You can’t raise more than $370 million on a good idea alone. But you can raise a seed round worth a few million from Aileen Lee with that and a few other critical ingredients.

Guild Education CEO Rachel Carlson did just that. Aileen Lee, founder and managing partner of Cowboy Ventures, led a $2 million seed round in 2015 before Guild Education even had a real product.

Carlson and her co-founder, Brittany Stich, had been running educational classes on their own while in school at Stanford and saw a massive, scalable opportunity.

If the market size is big enough, it’s really important to put it at the beginning of the deck. Aileen Lee

For those who aren’t familiar with Guild Education, it’s an education and upskilling platform that started by focusing on the 99%. Carlson and Stich realized that the vast majority of upskilling platforms focused on the top third of the labor triangle in the U.S., such as helping a developer get a better developer job or helping an executive be a better executive.

Starting out in a strip mall

Stich and Carlson rented out space in a strip mall and developed a boot camp model with classes focused on how to find a job or how to better communicate your experience on your resume.

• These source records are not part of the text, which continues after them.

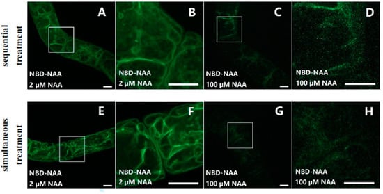 NBD-NAA and NAA compete for the same binding sites. Cells were incubated with NBD-NAA and different concentrations of NAA, either sequentially (A–D) or simultaneously (E–H). In both treatments, we administered the fluorescent analog for 20 min. In case of the pretreatment with non-fluorescent NAA, the treatment lasted for 20 min as well. Exemplarily, the results for 2 μM NAA (A,B,E,F), and for 100 μM NAA (C,D,G,H) are shown. To give the details of subcellular localization, the region marked by a white square in (A,C,E,G) is zoomed in on (B,D,F,H). Scale bar represents 10 μm.
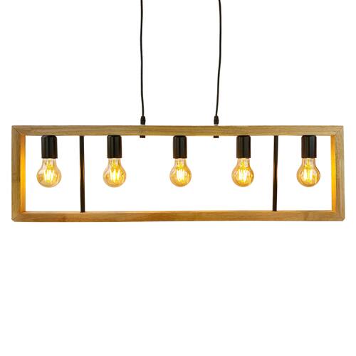 Com design marcante e acabamento natural, o pendente rústico retangular une o charme da madeira com a modernidade do metal. Ideal para quem busca uma iluminação acolhedora e sofisticada, é perfeito para salas de jantar, cozinhas gourmet e ambientes com estilo industrial ou contemporâneo. Suas cinco lâmpadas E27 proporcionam uma iluminação ampla e agradável.
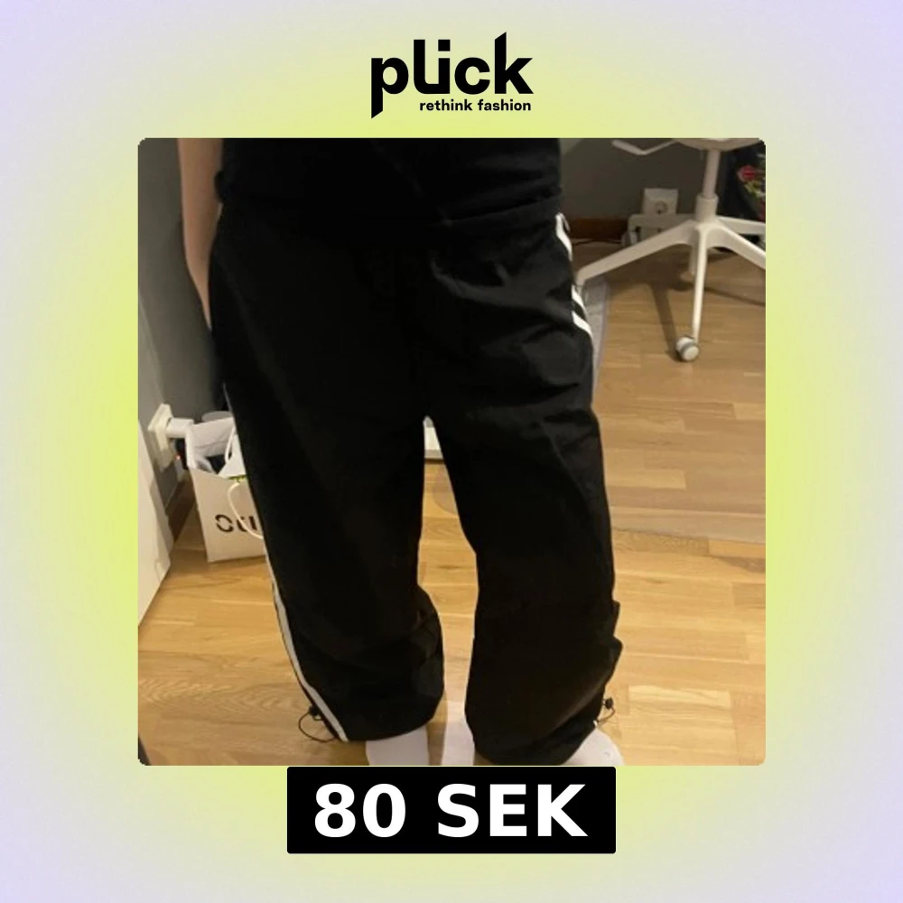 Säljer ett par svarta byxor med vit rand längs sidorna. Byxorna har resår i midjan och dragsko vid benslut för en skön och justerbar passform. Ny utan prislapp💕
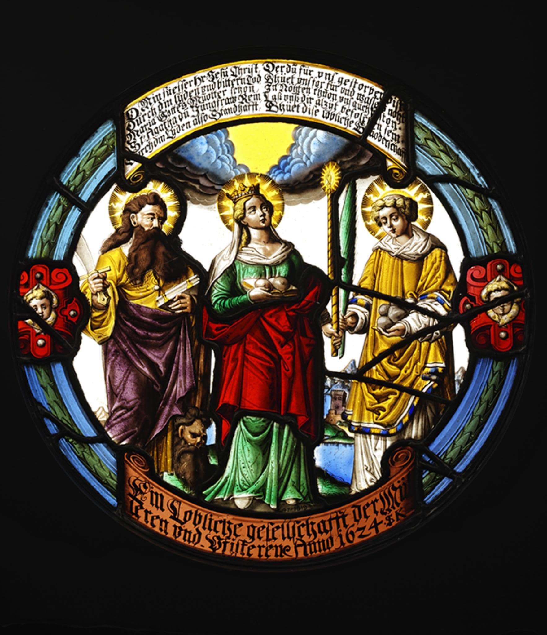 Le rondel représente sainte Agathe, flanquée de part et d’autre de saint Barthélemy et de saint Etienne. Le cartouche supérieur constitue une prière de la corporation des meuniers et des boulangers appelant le Christ, la Vierge Marie et sainte Agathe à protéger la corporation contre le feu et l’eau. L’invocation de sainte Agathe vient d’une tradition ancienne, erronée, qui croyait reconnaître en les seins de cette dernière, traditionnellement déposés sur un plateau, des miches de pains. Sainte Agathe devint la sainte patronne des boulangers, tandis que le 5 février, jour de son martyre, de petits pains sont cuits et, selon les régions, dont en Suisse centrale, suspendus dans les maisons pour les protéger de la foudre et des incendies. Les deux autres saints, saint Barthélemy et saint Etienne, pourraient en revanche être les saints patrons des donateurs, manifestement des membres de ladite corporation.
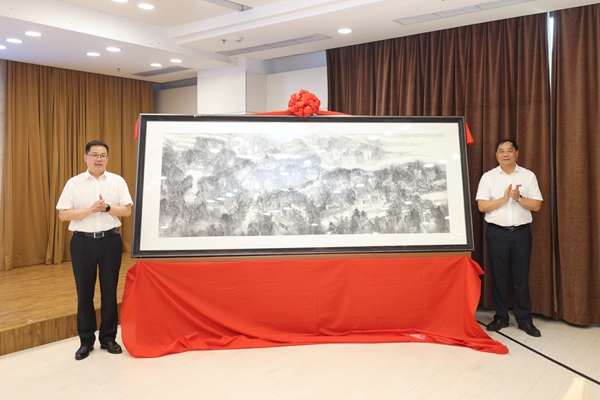 溫建飛與陳永華共同為學校向南潯區(qū)捐贈水墨畫《裊裊云煙撫潯溪》揭幕,此幅作品由我校藝術學院王鳳欣老師以南潯古鎮(zhèn)中代表性景物為主題創(chuàng)作完成。
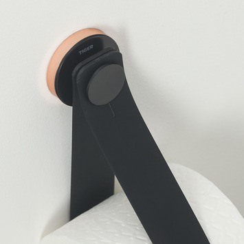 De Tiger Reserverolhouder Urban Zwart is uitgevoerd in de kleur mat zwart en wordt geleverd met twee decorringen. De decorringen, in de kleur licht eiken en grijs, maken het mogelijk een subtiel kleuraccent toe te voegen. Het is ook mogelijk de toiletrolhouder zonder de decorring te monteren waardoor het zeer eenvoudig is om het product aan de gewenste stijl aan te passen. De flexibele band biedt plaats aan twee extra rollen toiletpapier zodat er altijd voldoende papier beschikbaar is. Bij de montage van het artikel wordt gebruik gemaakt van een muurplaatje waardoor de bijgeleverde bevestigingsmaterialen uit het zicht verdwijnen. De Urban serie bevat tevens een vrijstaande versie van de reserverolhouder, maar ook een groot aantal aanvullende accessoires voor de badkamer en toiletruimte. Alle in dezelfde stijl. De artikelen uit de serie zijn ook in de kleur mat wit verkrijgbaar, waarbij natuurlijk ook weer diverse decorringen worden meegeleverd. De reserverolhouder is tevens geschikt voor montage met TigerFix type 1, waarmee accessoires snel en eenvoudig op een gladde, harde ondergrond te bevestigen zijn door middel van een gepatenteerd lijmsysteem. Boren is niet noodzakelijk en de accessoires zijn eenvoudig te verwijderen zonder dat er resten op de ondergrond achterblijven. TigerFix is los verkrijgbaar.
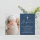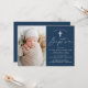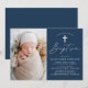 Os simples convites para batismo apresentam um roteiro casual de caligrafia branca com um fundo azul marinho para um design perfeito para um batismo moderno para bebês. Personalize os convites elegantes do batismo com a foto, o nome e os detalhes do evento religioso do seu filho. A parte de trás do convite para o batismo de fotos de marinho proporciona espaço para texto e fotos adicionais.
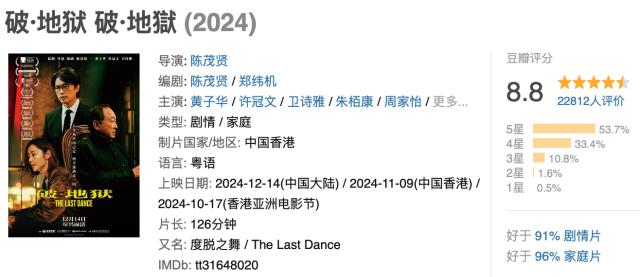豆瓣8.8分数,仅次于《好东西》,与《出走的决心》并列今年豆瓣华语高分榜第二。
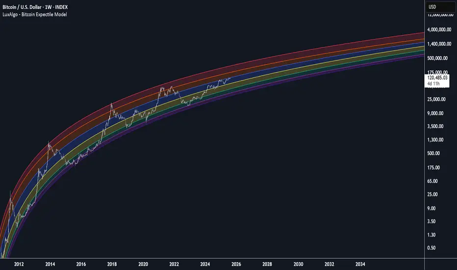 While the model is made for Bitcoin using a log scale, other assets showing a tendency to have a trend evolving in a single direction can be used. See the chart above on QQQ weekly using a linear scale as an example.
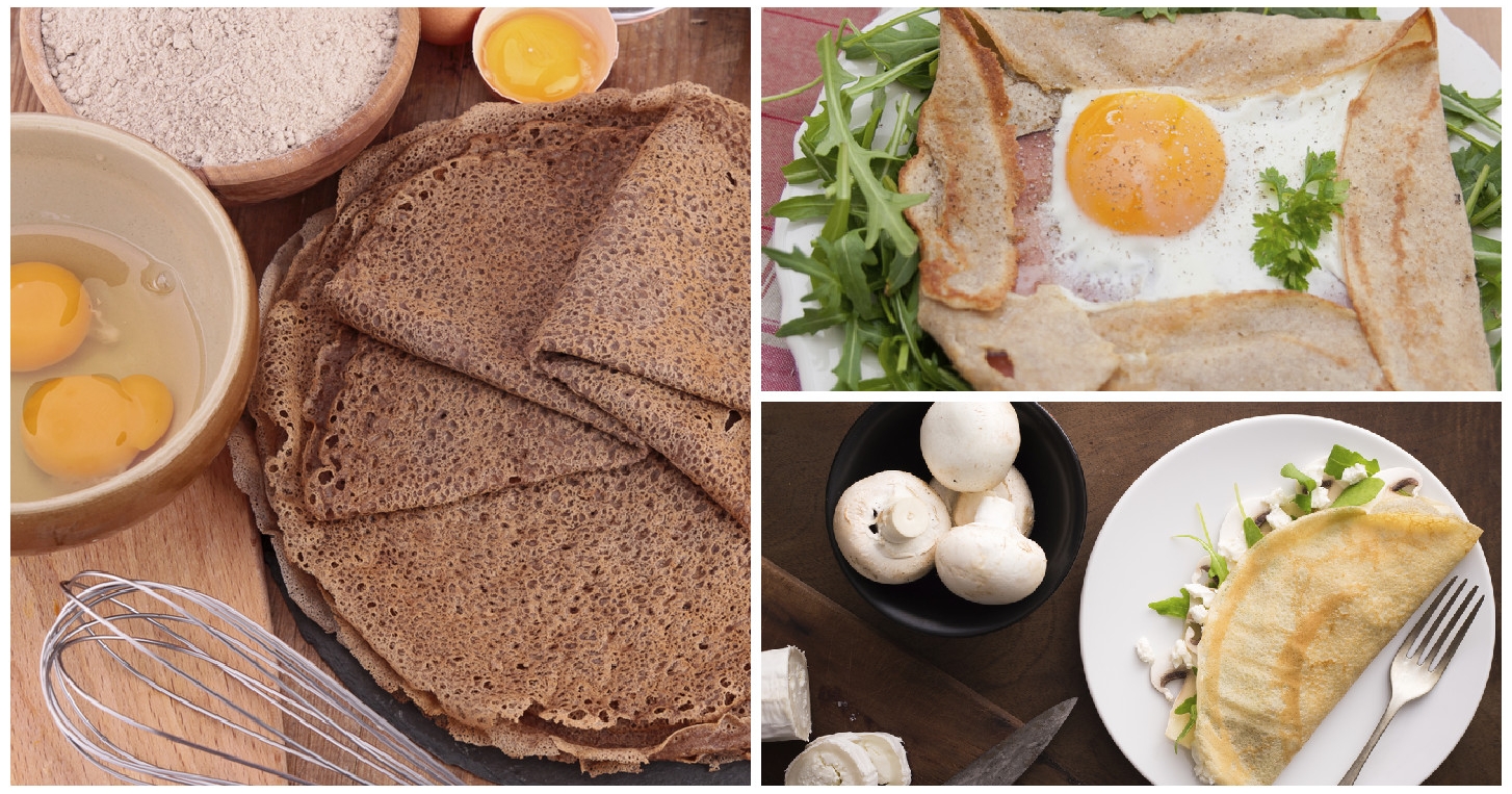 Los ingredientes más habituales para el relleno del crepe son: huevo, jamón york, queso de cabra, bacon y miel.

“I was nervous to be a non-product founder and I was not particularly technical,” said Carlson. “In hindsight, it’s so fun to look back through our deck because we had an idea about the problem to be solved and a lot of ideas about distribution. We were pretty unsure about what the product was going to be, but we were sure we would find our way to the right product if we stayed obsessive about the problem.”